[アイランドリーグ]
徳島・島田直也監督「横一線の競争でV奪回!」

将来性も見込んだ選手獲得

 新年明けましておめでとうございます。11月から12月にかけて行われた合同トライアウトを経て徳島では4選手を獲得しました。今回は即戦力はもちろん、チームの将来を考えた補強になっています。このオフ、チームでは多くの主力選手が残留しました。それは裏を返せば、今季が各選手にとって勝負をかける1年になることを意味します。

 独立リーグは最終目的地ではありませんから、選手の入れ替わりが多いのはやむを得ないことでしょう。しかし、チームは今年も来年も、その先もずっと続いていきます。数年後にチームの中心となり、NPBを目指す可能性のある選手を探すことは非常に大切です。

 今回、入団が決まった4選手のうち、投手の福岡一成(鳥取・日野高-島根大)、宍戸勇希(遊学館高)、外野手の高橋祥(専大北上高-オール江刺)は将来性に期待して獲得しています。

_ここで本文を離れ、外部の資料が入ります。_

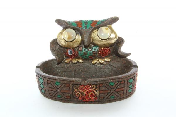 СОВА. Пепельница из полистоуна. Длина 15 см, ширина 9 см, высота 9 см. Сделано в Китае
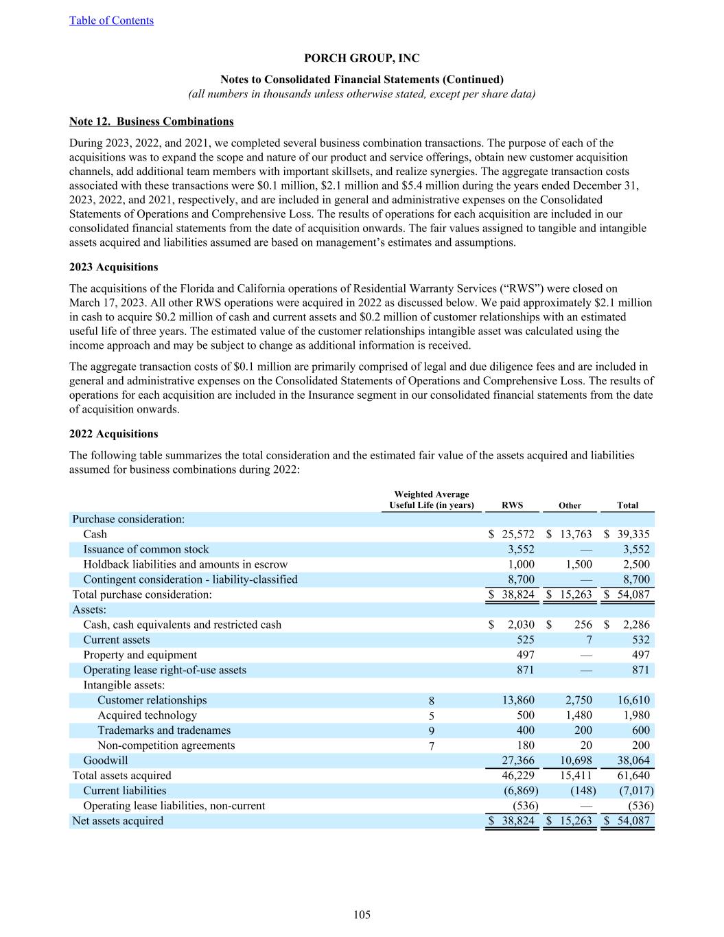 Note 12. Business Combinations During 2023, 2022, and 2021, we completed several business combination transactions. The purpose of each of the acquisitions was to expand the scope and nature of our product and service offerings, obtain new customer acquisition channels, add additional team members with important skillsets, and realize synergies. The aggregate transaction costs associated with these transactions were $0.1 million, $2.1 million and $5.4 million during the years ended December 31, 2023, 2022, and 2021, respectively, and are included in general and administrative expenses on the Consolidated Statements of Operations and Comprehensive Loss. The results of operations for each acquisition are included in our consolidated financial statements from the date of acquisition onwards. The fair values assigned to tangible and intangible assets acquired and liabilities assumed are based on management’s estimates and assumptions. 2023 Acquisitions The acquisitions of the Florida and California operations of Residential Warranty Services (“RWS”) were closed on March 17, 2023. All other RWS operations were acquired in 2022 as discussed below. We paid approximately $2.1 million in cash to acquire $0.2 million of cash and current assets and $0.2 million of customer relationships with an estimated useful life of three years. The estimated value of the customer relationships intangible asset was calculated using the income approach and may be subject to change as additional information is received. The aggregate transaction costs of $0.1 million are primarily comprised of legal and due diligence fees and are included in general and administrative expenses on the Consolidated Statements of Operations and Comprehensive Loss. The results of operations for each acquisition are included in the Insurance segment in our consolidated financial statements from the date of acquisition onwards. 2022 Acquisitions The following table summarizes the total consideration and the estimated fair value of the assets acquired and liabilities assumed for business combinations during 2022: Weighted Average Useful Life (in years) RWS Other Total Purchase consideration: Cash $ 25,572 $ 13,763 $ 39,335 Issuance of common stock 3,552 — 3,552 Holdback liabilities and amounts in escrow 1,000 1,500 2,500 Contingent consideration - liability-classified 8,700 — 8,700 Total purchase consideration: $ 38,824 $ 15,263 $ 54,087 Assets: Cash, cash equivalents and restricted cash $ 2,030 $ 256 $ 2,286 Current assets 525 7 532 Property and equipment 497 — 497 Operating lease right-of-use assets 871 — 871 Intangible assets: Customer relationships 8 13,860 2,750 16,610 Acquired technology 5 500 1,480 1,980 Trademarks and tradenames 9 400 200 600 Non-competition agreements 7 180 20 200 Goodwill 27,366 10,698 38,064 Total assets acquired 46,229 15,411 61,640 Current liabilities (6,869) (148) (7,017) Operating lease liabilities, non-current (536) — (536) Net assets acquired $ 38,824 $ 15,263 $ 54,087 Table of Contents PORCH GROUP, INC Notes to Consolidated Financial Statements (Continued) (all numbers in thousands unless otherwise stated, except per share data) 105

 福岡はボールのスピードはもちろん、トライアウトの態度が非常に印象に残りました。どの選手も合格したいと意気込んで参加する中、とりわけ負けん気の強さが光ったのです。「これは伸びるかもしれない」。直感的にそう感じました。もちろんNPBレベルに達するにはまだまだ勉強すべきところがたくさんあるでしょう。ただ、この気持ちを持ち続ければ化ける可能性があるとみています。

 サウスポーの宍戸は、何と言っても左投げというところが大きな武器です。NPBでも左はワンポイントでも活躍の場があります。フォームはまとまっていますから、1年間投げきる体力をつけ、経験をつめば、スカウトから注目される存在になるでしょう。

トライアウトでは広角に鋭い打球を飛ばしていた高橋。

 野手の高橋は長内孝コーチからの推薦です。まだ19歳ですが、体つきがあり、パワーがある。そして右打ちというところも獲得の決め手となりました。先述したようにサウスポーがNPBでも求められている人材であるのと同様に、右バッターの長距離砲も近年は需要が高まっています。チームの中でも外野は手薄になっていますから、他の選手との競争次第では1年目から起用は増えるかもしれません。